Wednesday, January 9, 2008

Step Back on Housing

In case you haven't heard, the housing market in this country is having its problems. No need to rehash it here. However, there is one point that seems to get lost in all the discussion about foreclosures and people being forced to live in cardboard boxes. Prices and sales are down, in most places and inventories are higher, again in most places. There has been an exhaustive and continual analysis of the mortgage market and how it has changed in the last nine months; the range of mortgage products and the availability of money has declined precipitously. What hasn't been talked about is that the speculation bid has left the market.

In many of the high-flying real estate markets this decade, speculators were major players in many of them. They're gone. Prices are going down and money isn't available. The only speculation now is coming from vulture and distressed investors, not the speculators we had seen over the past few years, and the distressed buyers aren't coming in in any significant way at this point. It really surprises me that so-called experts are confounded about sales dropping as much as they have. In some markets, speculation accounted for 25+% of sales. With that number hovering around 0% of sales, coupled with everything else going on, and sales will be lower.
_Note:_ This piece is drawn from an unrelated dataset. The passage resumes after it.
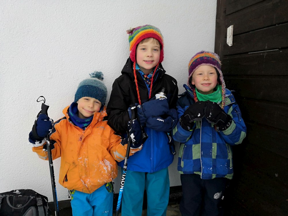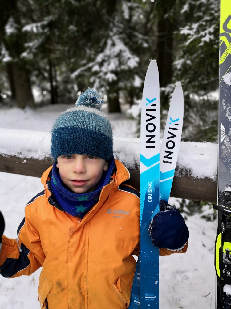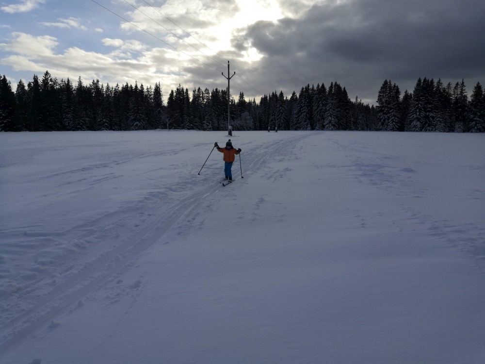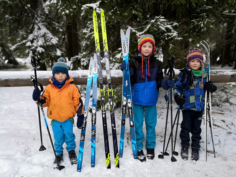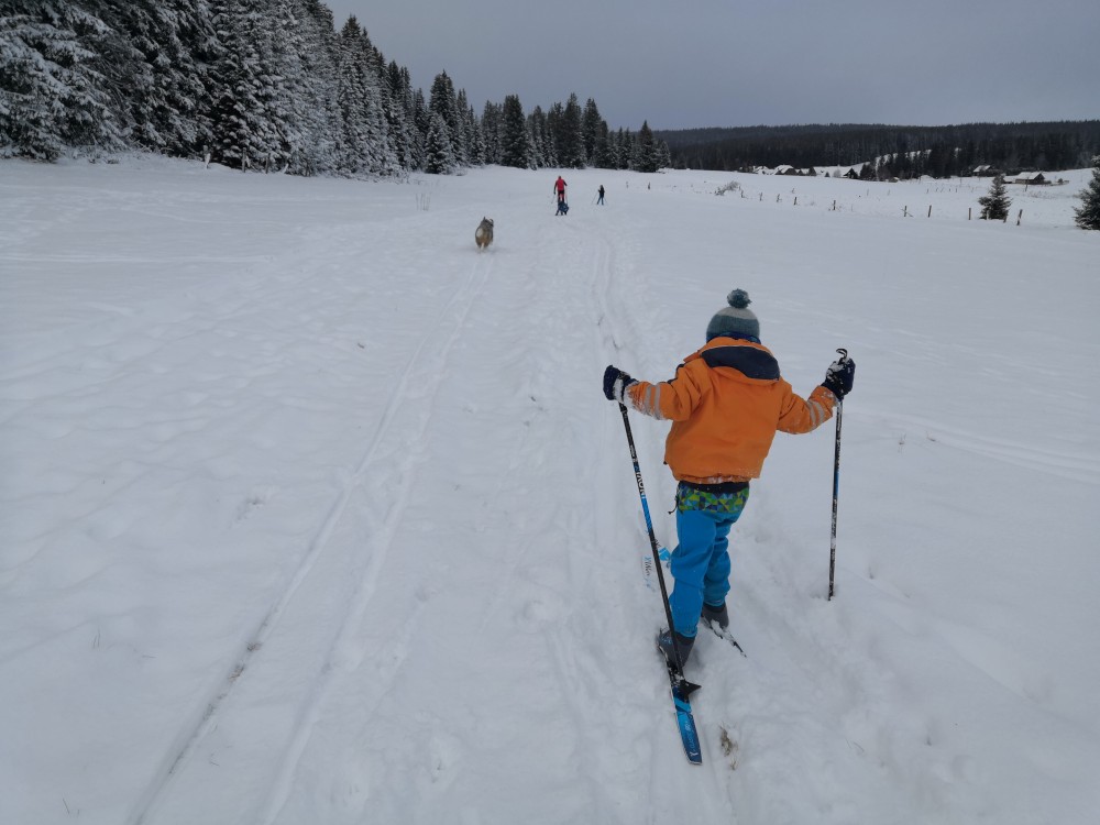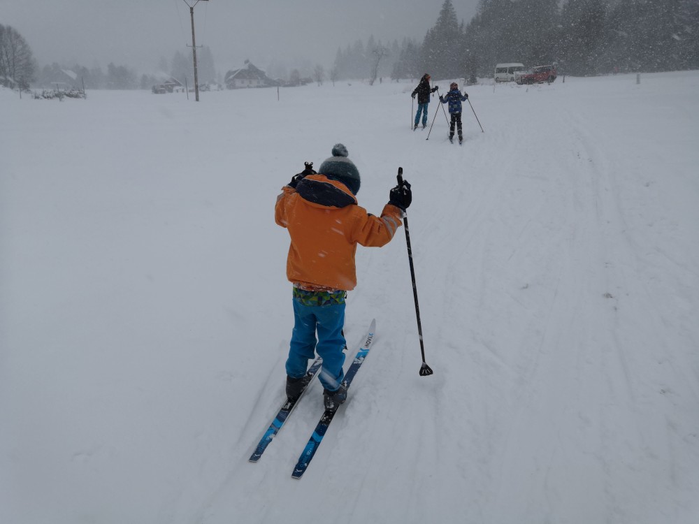 Kluci dostali pod stromeček běžky. Jedeme je vyzkoušet na Horskou Kvildu. U parkoviště u Jezerní slatě je zapadlé auto v příkopu, pomáhám ho vytlačit. Už nepojedeme dál, necháváme auto na parkovišti u slatě. Nandaváme běžky a kluci mohou vyrazit poprvé do stopy. Jde jim to dobře. Jiřík s Víťou ujeli vpřed, já jedu s Martínkem pomaleji.

All real estate is local. Here in North Jersey, while prices aren't ratcheting higher, they aren't falling off a cliff either and sales are getting done. In Manhattan, prices are ratcheting higher, propelled by a foreign bid willing to pay what seems like stupid prices (at least now, they are). The point is, like every other asset, prices are driven by supply and demand (if you question this, try to buy Guitar Hero III or a Wii). The real estate asset price bubbles need to be worked out (This is a common theme in this blog). The sooner the better for everyone.

1 comment:

Anonymous said...

You, once again, hit the proverbial nail on the head o'Bondguy.
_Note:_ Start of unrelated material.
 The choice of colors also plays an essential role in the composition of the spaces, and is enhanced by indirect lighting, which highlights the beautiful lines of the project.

The real estate market (in some locales) is a classic asset bubble. I view it as being similar to the tech bubble of the late 1990s.

Now, as then, the public (and Wall Street) wants "something" done about this. There is a general desire to return to the unsustainable real estate market of a few years earlier. There is a letter in today's Wall Street Journal criticizing Bush for not being as good as Clinton becuase his 401K has not risen as it did during the tech bubble and wants a return to those days.
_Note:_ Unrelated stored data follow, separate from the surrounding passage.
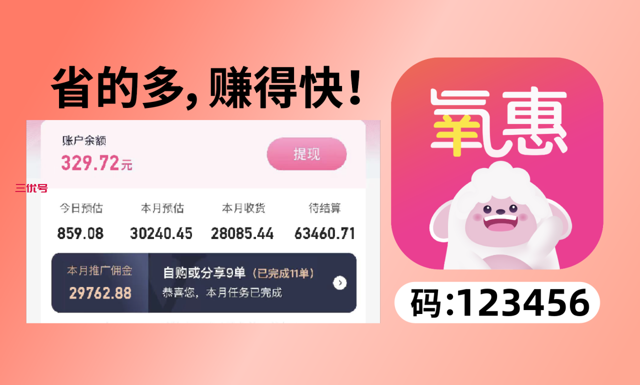氧惠(全网优惠上氧惠)——是与以往完全不同的抖客+淘客app!2023全新模式,我的直推也会放到你下面,送1:1超级补贴(邀请好友自购多少,你就推广得多少,非常厉害),欢迎各位团队长体验!也期待你的加入。氧惠邀请码123456,注册就帮你推广,一起做到百万团队!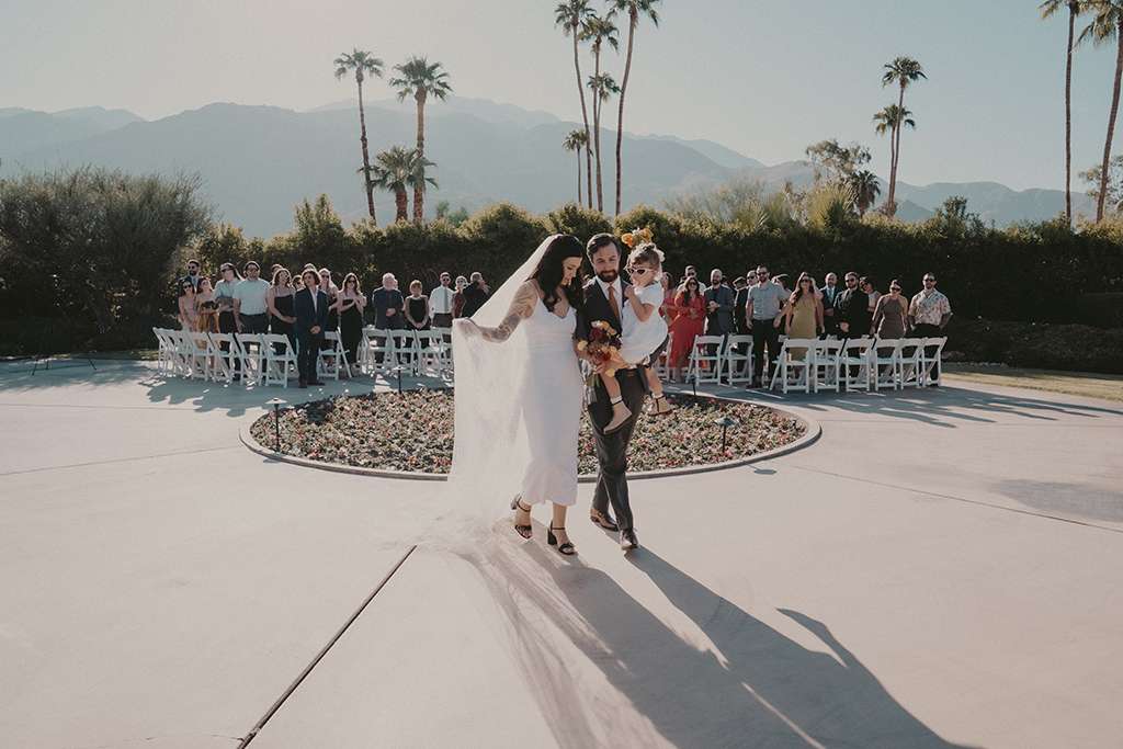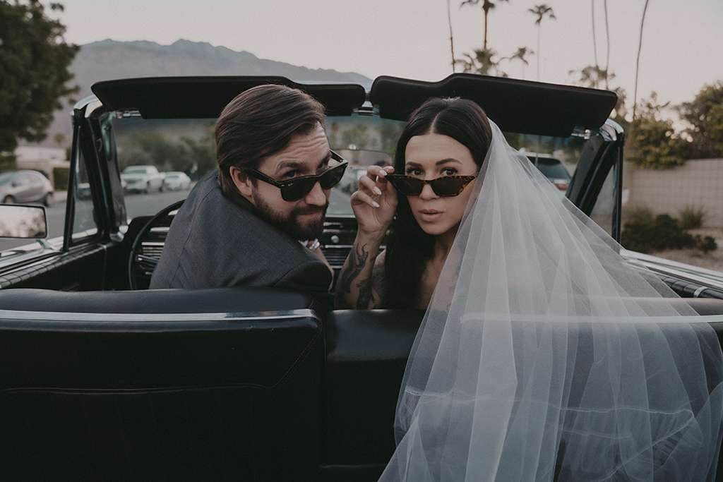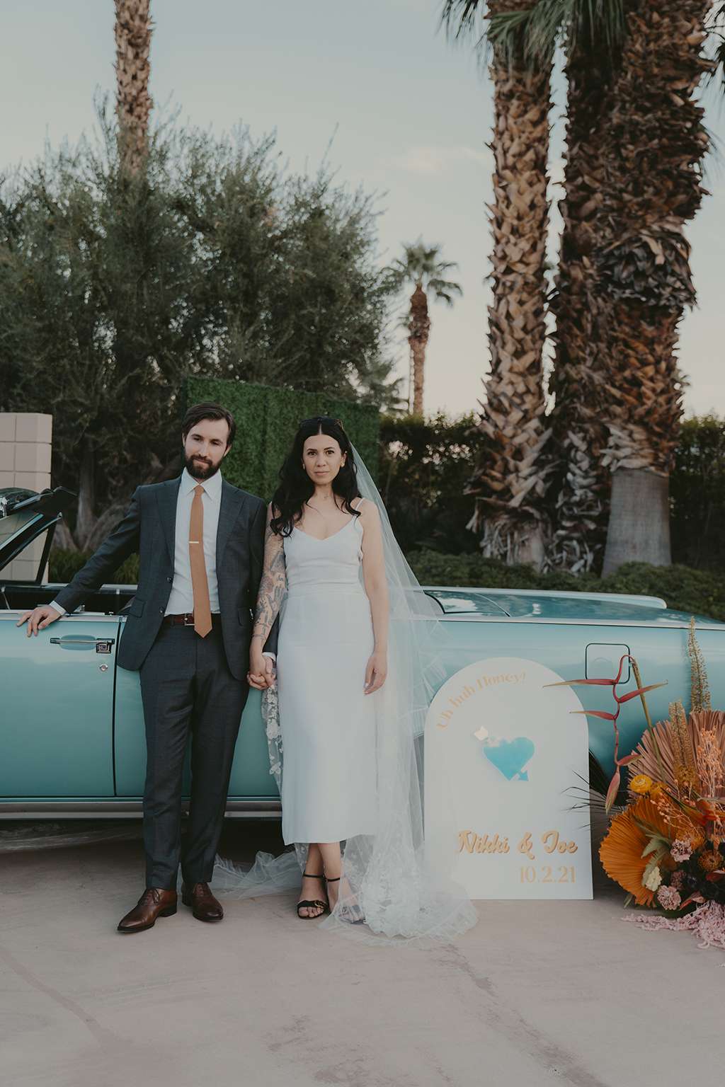 Inspired by the lavish New Year’s Party Frank Sinatra commissioned the estate to be built for in 1947, Nikki and Joe’s February wedding was a stylish and intimate wedding full of romantic and personal touches. “The inspiration was how much I love the laid back but quirky nature of Palm Springs,” Nikki began. “It’s a sort of party town like Las Vegas is but the style is a presence – it’s vibrant and natural at the same time, it’s fun but relaxed, retro but modern. We had a family by the time our wedding came, and we just wanted to throw an epic party and spoil our closest friends with an epic vacation and a party in a sick house. Overall it was a really lush retro house party that happened to have a wedding occur in it!”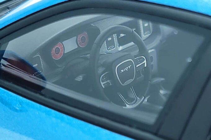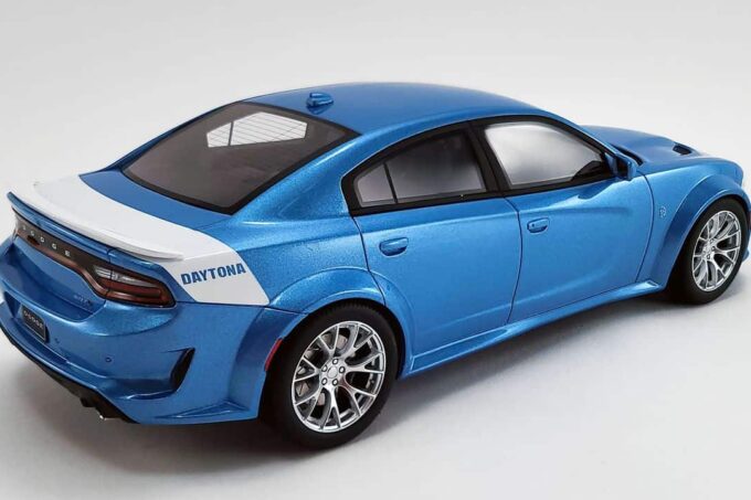 The Dodge Charger SRT Hellcat is here reproduced at 1:18 scale by the manufacturer GT Spirit in blue livery (Daytona 50th Anniversary edition). This resin model is made in very limited quantities.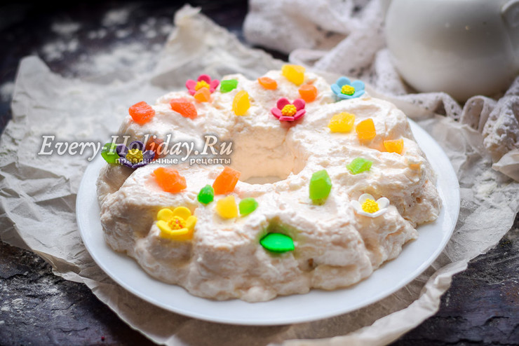 Это отличный вариант для нежданных госте. Основой в торте выступает творог, также сюда добавляется немного сливочного масла, сметана, печенья, по желанию можно добавить фрукты и сухофрукты.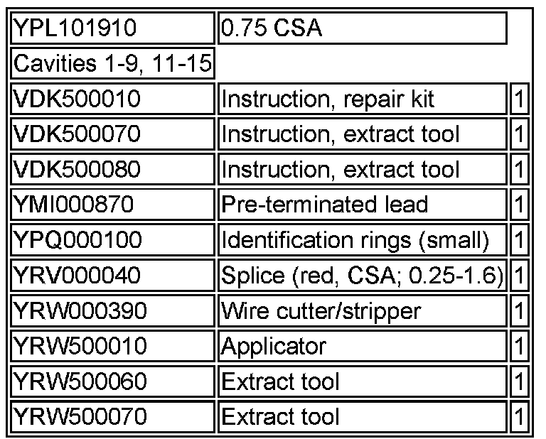In addition to the items included in the harness repair kits, part harnesses are also available to effect repairs on the vehicle. These part harnesses are available through the normal parts ordering process.

Here is a message to everyone. The value of many tech stocks in the 90s and the value of many properties and related asset-backed securities is vapor! There is no substance to these asset values. They never should have been at elevated levels and were pushed there by poor monetary policy and the irrational greed of investors.

The worst thing the Fed, Congress or the administration could do is attempt to fix the problem by re-engineering the hosuing bubble.

There is no excuse that the Wall Street brain trust did not see this coming. A few of us in my profession were discussing this back in 2005. However, Wall Street fell in love with quant models which were to brilliant to fail.

No strategy is ever too fool-proof and no company is too big to fail.